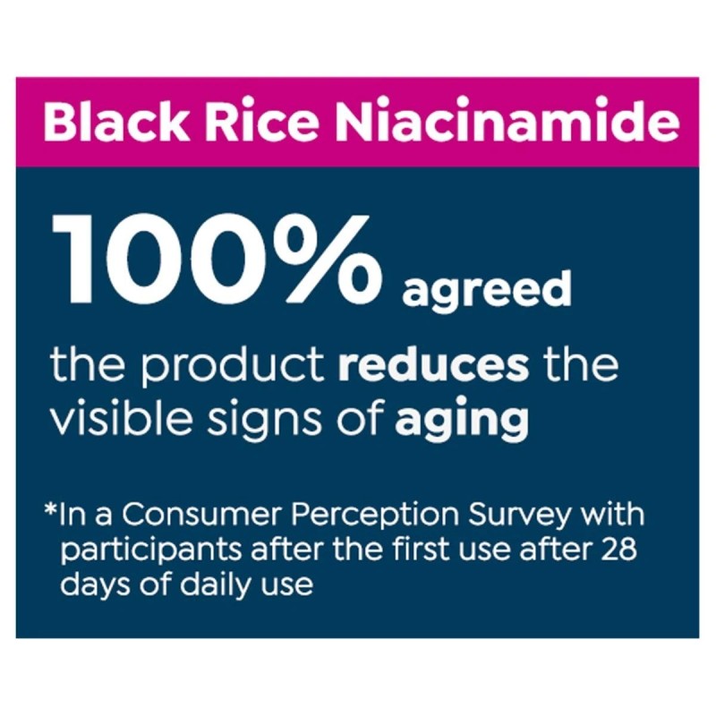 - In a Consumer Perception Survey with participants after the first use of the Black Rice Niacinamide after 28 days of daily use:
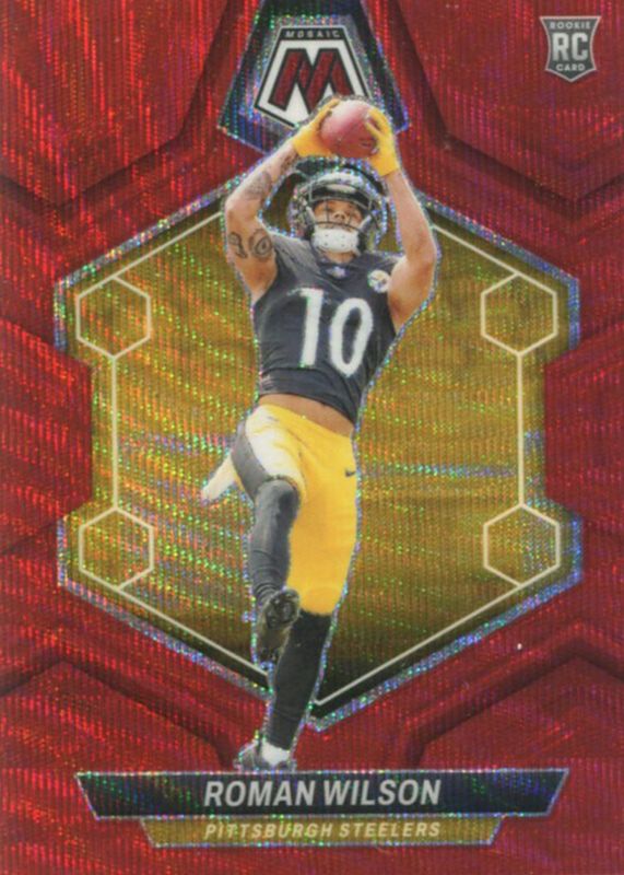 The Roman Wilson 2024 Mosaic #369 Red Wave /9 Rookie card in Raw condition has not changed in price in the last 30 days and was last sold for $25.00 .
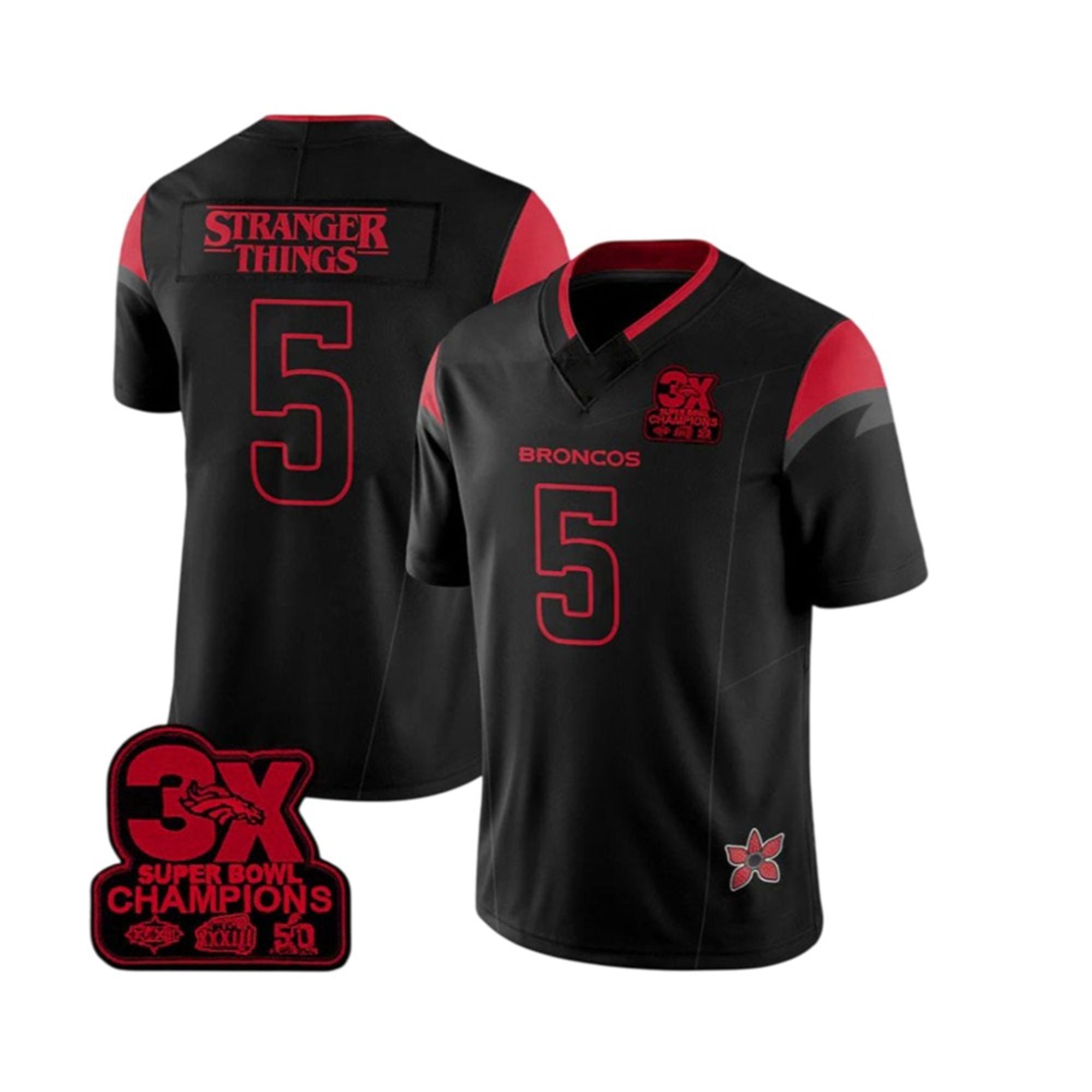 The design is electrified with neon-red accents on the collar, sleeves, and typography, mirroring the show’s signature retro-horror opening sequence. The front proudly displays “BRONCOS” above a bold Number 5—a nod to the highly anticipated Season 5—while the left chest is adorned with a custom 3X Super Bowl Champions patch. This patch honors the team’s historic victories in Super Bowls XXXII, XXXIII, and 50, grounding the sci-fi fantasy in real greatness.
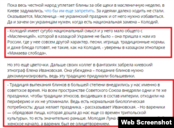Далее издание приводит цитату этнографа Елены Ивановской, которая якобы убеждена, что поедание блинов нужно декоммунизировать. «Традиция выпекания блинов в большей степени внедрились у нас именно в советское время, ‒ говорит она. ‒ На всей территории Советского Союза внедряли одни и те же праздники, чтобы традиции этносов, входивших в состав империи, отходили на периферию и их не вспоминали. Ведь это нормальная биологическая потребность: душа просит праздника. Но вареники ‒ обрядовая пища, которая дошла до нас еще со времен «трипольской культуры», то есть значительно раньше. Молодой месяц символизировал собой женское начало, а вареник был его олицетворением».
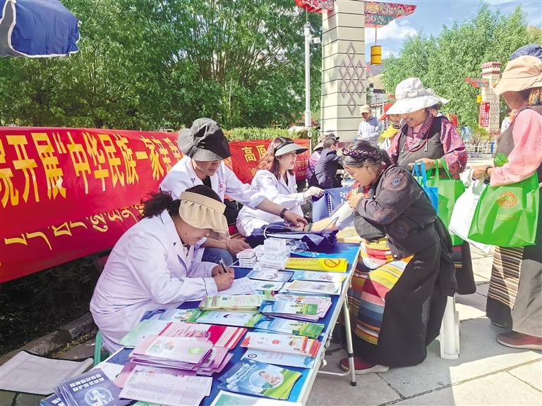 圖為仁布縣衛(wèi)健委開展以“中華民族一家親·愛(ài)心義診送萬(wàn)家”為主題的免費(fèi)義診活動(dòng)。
==
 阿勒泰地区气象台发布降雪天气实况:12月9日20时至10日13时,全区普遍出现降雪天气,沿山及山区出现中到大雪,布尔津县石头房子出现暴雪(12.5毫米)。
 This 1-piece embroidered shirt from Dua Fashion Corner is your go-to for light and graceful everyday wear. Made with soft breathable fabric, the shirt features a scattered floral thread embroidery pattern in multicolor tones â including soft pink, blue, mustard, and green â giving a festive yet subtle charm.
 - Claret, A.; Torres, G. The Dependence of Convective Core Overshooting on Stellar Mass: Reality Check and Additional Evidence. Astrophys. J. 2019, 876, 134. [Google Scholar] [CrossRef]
...
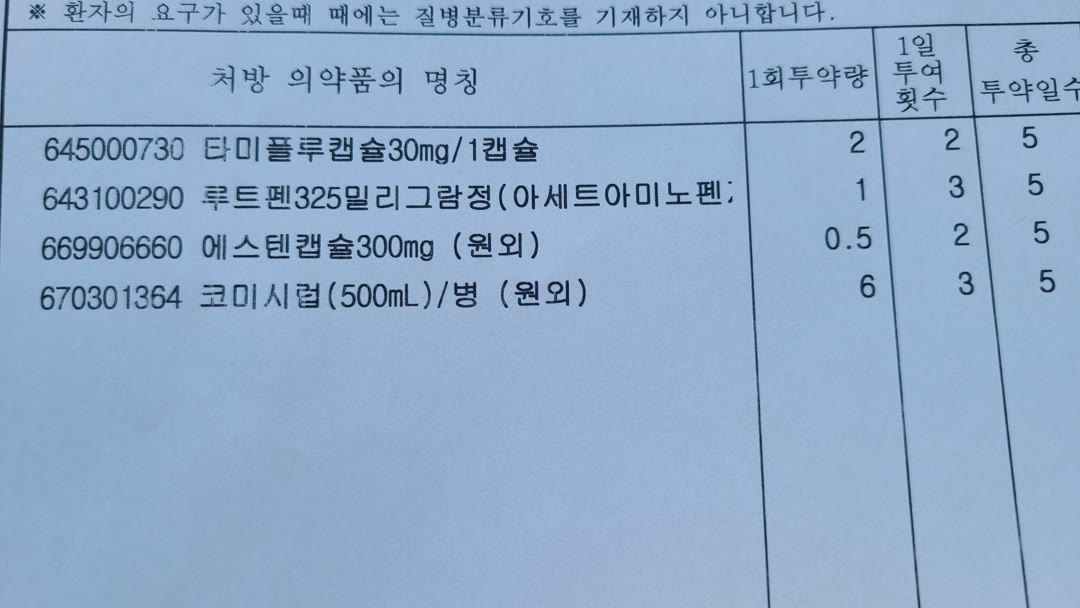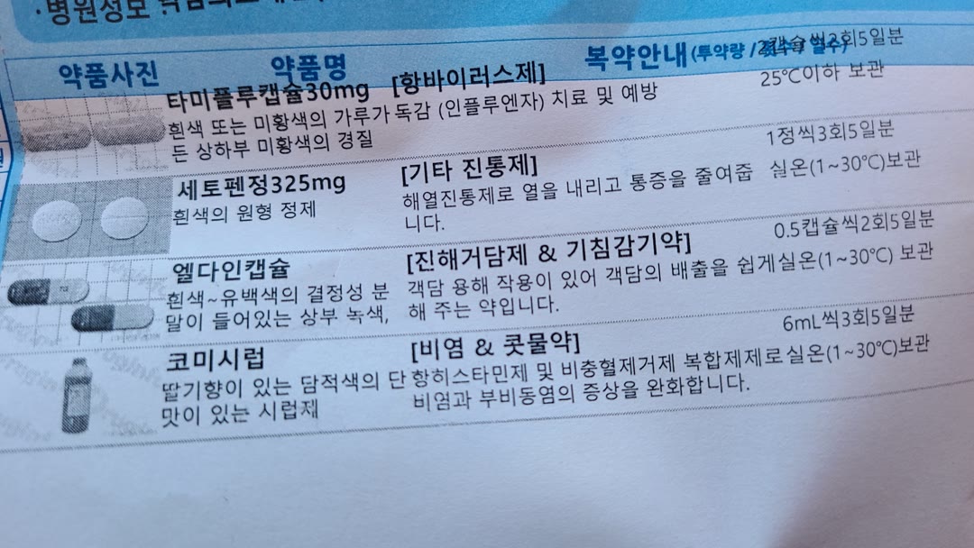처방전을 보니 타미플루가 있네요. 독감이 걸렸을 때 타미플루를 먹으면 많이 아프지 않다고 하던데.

_EXERCISE_
All that should be printed is the run of lines above from the one with "The Roman Wilson" through the one with "圖為仁布縣衛(wèi)健委開", both included, exactly as given, with pictures left out.

_PROBLEM SOLUTION_
 The Roman Wilson 2024 Mosaic #369 Red Wave /9 Rookie card in Raw condition has not changed in price in the last 30 days and was last sold for $25.00 .
 The design is electrified with neon-red accents on the collar, sleeves, and typography, mirroring the show’s signature retro-horror opening sequence. The front proudly displays “BRONCOS” above a bold Number 5—a nod to the highly anticipated Season 5—while the left chest is adorned with a custom 3X Super Bowl Champions patch. This patch honors the team’s historic victories in Super Bowls XXXII, XXXIII, and 50, grounding the sci-fi fantasy in real greatness.
Далее издание приводит цитату этнографа Елены Ивановской, которая якобы убеждена, что поедание блинов нужно декоммунизировать. «Традиция выпекания блинов в большей степени внедрились у нас именно в советское время, ‒ говорит она. ‒ На всей территории Советского Союза внедряли одни и те же праздники, чтобы традиции этносов, входивших в состав империи, отходили на периферию и их не вспоминали. Ведь это нормальная биологическая потребность: душа просит праздника. Но вареники ‒ обрядовая пища, которая дошла до нас еще со времен «трипольской культуры», то есть значительно раньше. Молодой месяц символизировал собой женское начало, а вареник был его олицетворением».
 圖為仁布縣衛(wèi)健委開展以“中華民族一家親·愛(ài)心義診送萬(wàn)家”為主題的免費(fèi)義診活動(dòng)。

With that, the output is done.